Throwback Tuesday Album Review: Solo, Solo
Derrick Dunn

Derrick Dunn

Throwback Tuesday Album Review: Solo, Solo

Robert Anderson, Darnell Chavis, Eunique Mack, and Daniel Stokes, professionally known as Solo, burst onto the music scene in 1995 with their self-titled debut. Jimmy Jam & Terry Lewis’ label Perspective Records released the project on September 12th just as I had entered eighth grade.

Jam & Lewis served as executive producers on the album while the group members contributed to the songwriting. The group’s first single was “Heaven,” is taken straight from the sixties and seventies soul book. The production of Jam & Lewis makes you feel good and reminds you of the family cookout or that agape love every person looks for. Hip Hop fans should YouTube “Heaven (Straight Hip Hop Joint remix), which features Pudgee Tha Phat Bastard, Young Zee, Almighty Arrogant & Rufus Blaq. In comparison, slow jam fans should check out the Sheets remix of Heaven, which smoothly samples “Between The Sheets” & “For The Love Of You” By The Isley Brothers.

Solo’s next single was “Where Do U Want Me to Put It.” For the group’s second single, producers Jimmy Jam & Terry Lewis kept it up-tempo and evoked a Chicago steppers groove. Now I can admit that I did not get the song’s meaning until I got older as I was amid the groove as a fourteen-year-old.

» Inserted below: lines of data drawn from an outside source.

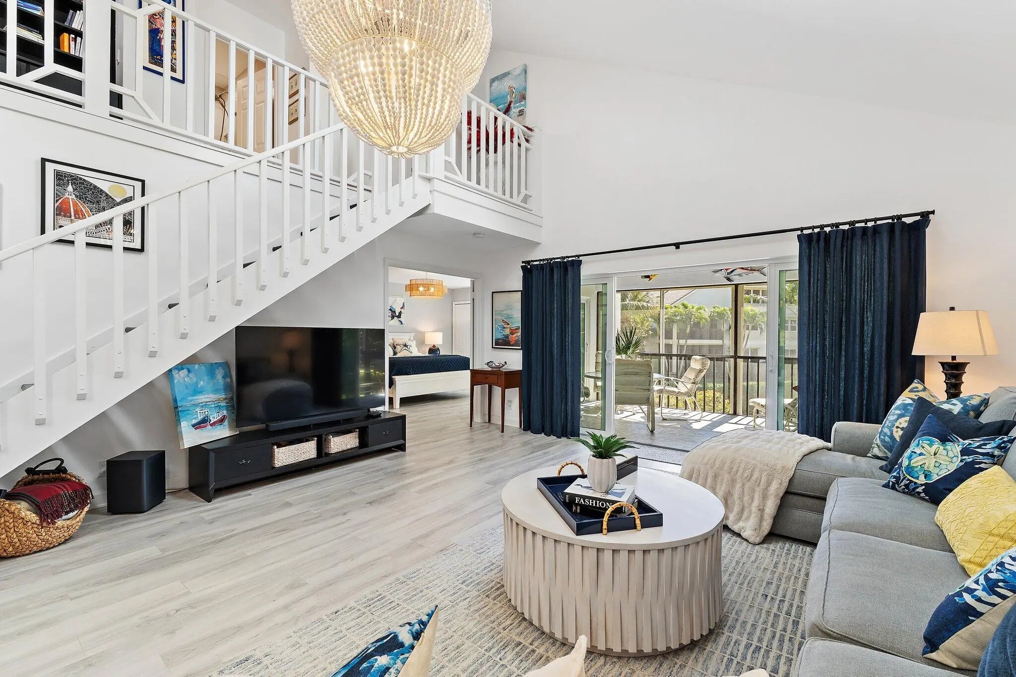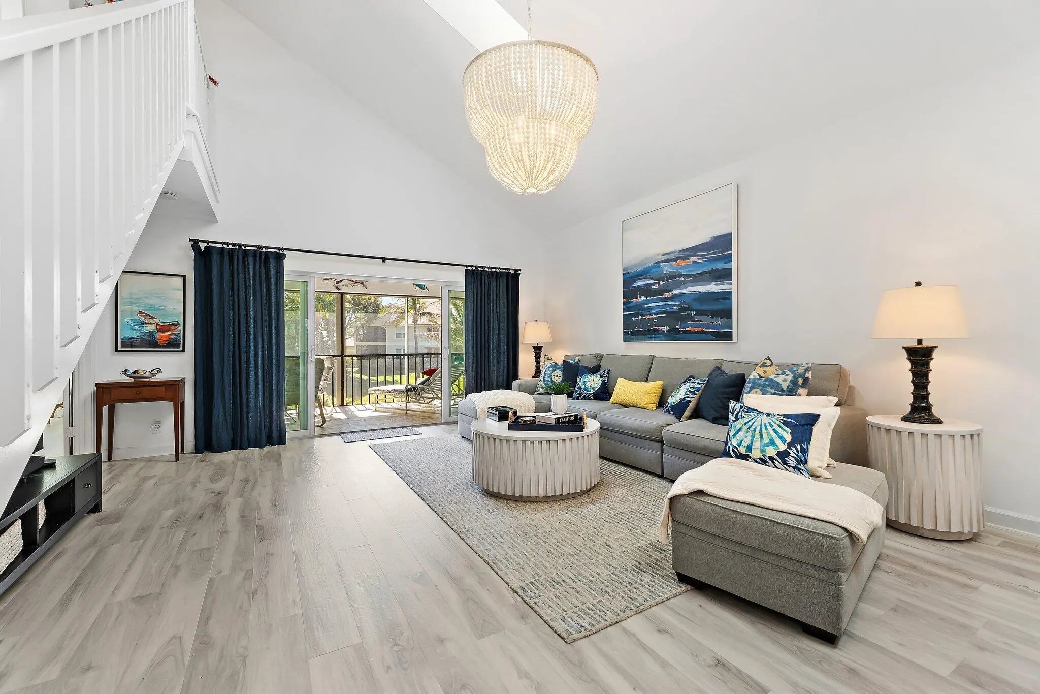 Experience coastal living in this completely renovated 3-bedroom, 3-bath residence in the highly desirable gated Beachcomber community. This spacious home features an open, light and bright layout with designer finishes and top-quality upgrades throughout. The modern kitchen flows seamlessly into the living and dining areas, perfect for entertaining. Step outside to your screened patio overlooking a lush green space, creating a peaceful retreat. Impact glass throughout and electric storm shutters offer peace of mind, while the one-car garage adds convenience. Located directly across from the beach, Juno Pier, and the Bluffs Shopping Plaza, you can walk to restaurants, shops, and Ocean Cay Park with volleyball courts, picnic tables, and grills. Whether it's morning coffee on the sand or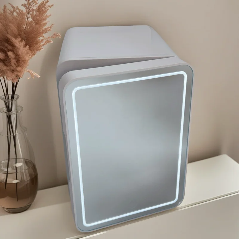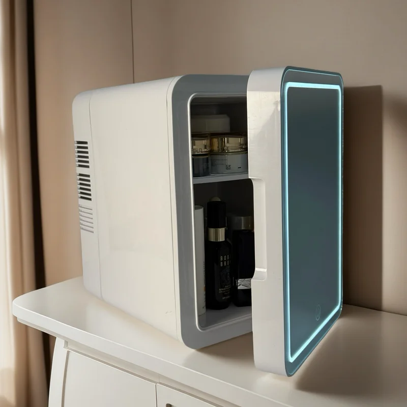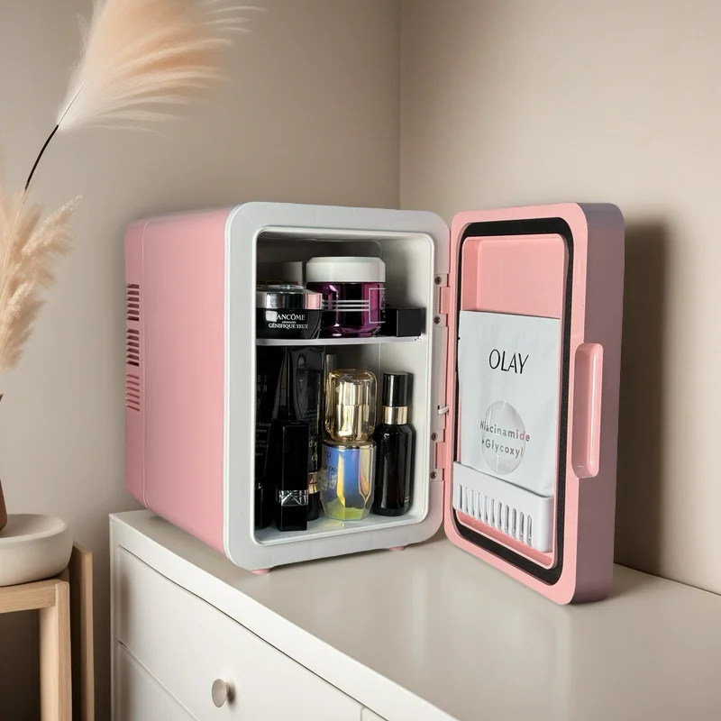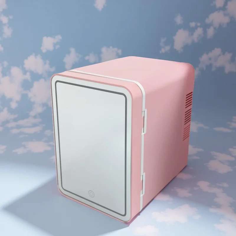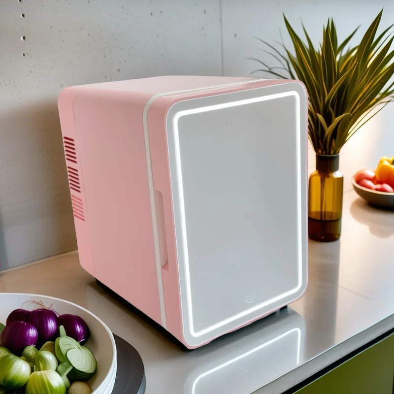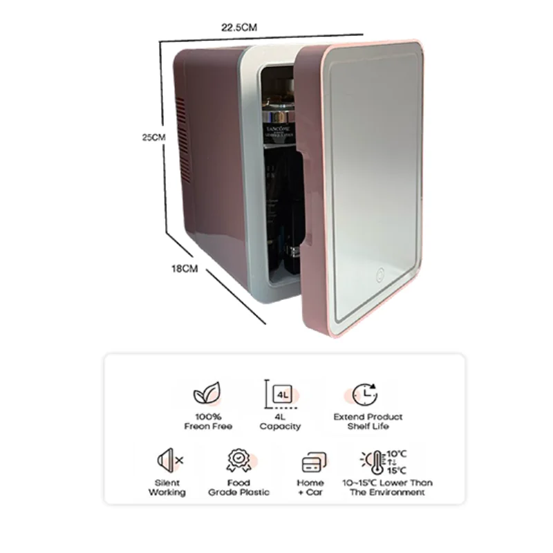 4L Fridge Newest Cool and Heat Adjust Desktop Mini Fridge Low Noise Pink Mini Fridge With HD Cosmetic Mirror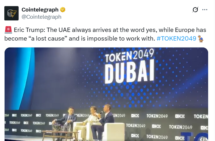 MGX будет использовать StableCoin USD1 для инвестиций в 2 миллиарда долларов в бирж Binance, объявил Эрика Трампа, сына президента США и исполнительного вице -президента организации Трампа во время панельной дискуссии на Token 2049 Dubai.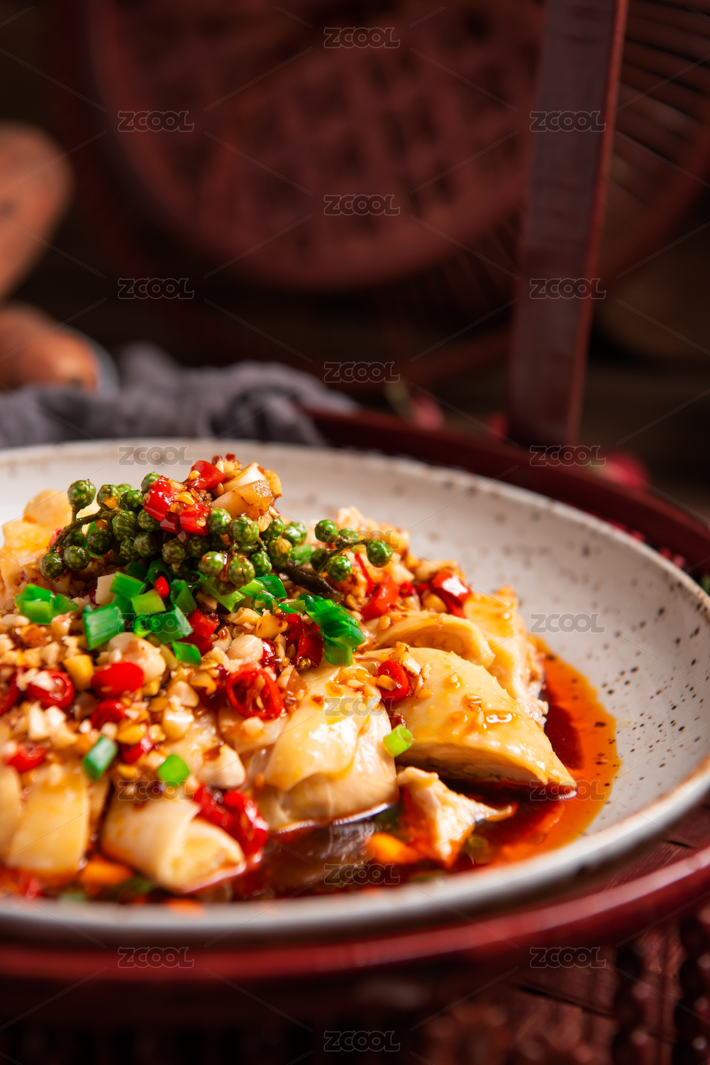 中式提籃里的一盤麻辣口水雞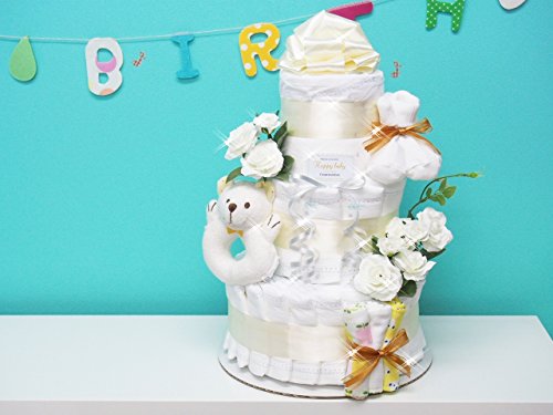 3段おむつケーキ パンパース40枚(Sサイズ) 付属品 オーガニックベアーラトル ベビーソックス ガーゼタオル×3 小バラピック

Solo hit us with a ballad for the third single, “He’s Not Good Enough”. Jam & Lewis turned over to Joseph Powell’s production duties for this one and instead contributed to the writing. Co-penning the song with group members Darnell Chavis and Daniel Stokes, we could all relate to the song. “He’s Not Good Enough” is an old-fashioned song when someone you are in love with chooses the wrong person instead of you. Group member Darnell Chavis sings the song with so much emotion that Kci and Sisqo would be proud.

“Blowin My Mind” was the final single and it features that classic Jam & Lewis production. Hearing this song takes you back to the days of roller skating and just having a good time. Solo also paid homage to legend Sam Cooke on their debut. The group does justice to Cooke’s “Another Saturday Night”, “A Change Is Gonna Come”, “Cupid”, “Everybody Loves to Cha Cha Cha” and “(What a) Wonderful World”. 

Now you know it’s not a nineties R&B without some slow jams. The slow jams kick off with “Xxtra,” and the mood setting continues through “In Bed” and “(Last Night I Made Love) Like Never Before, all of which showcase pristine lush vocals set to the production of Jimmy Jam and Terry Lewis. 

While the group reunites with Joseph Powell for “Keep It Right Here.” Solo also finds time to highlight lost love in The Characters produced “I’m Sorry” while unrequited affection highlights “It’s Such A Shame.”

Solo’s debut ended up going gold, and the group enjoyed a successful touring run in promotion of the album. Solo’s debut was good old-fashioned stick to your bones SANGIN, and this is an excellent debut album overall that is worth the revisit if you have never heard it.


Top Songs: “Heaven,” “Where Do U Want Me To Put It,” “He’s Not Good Enough,” and all of the slow cuts.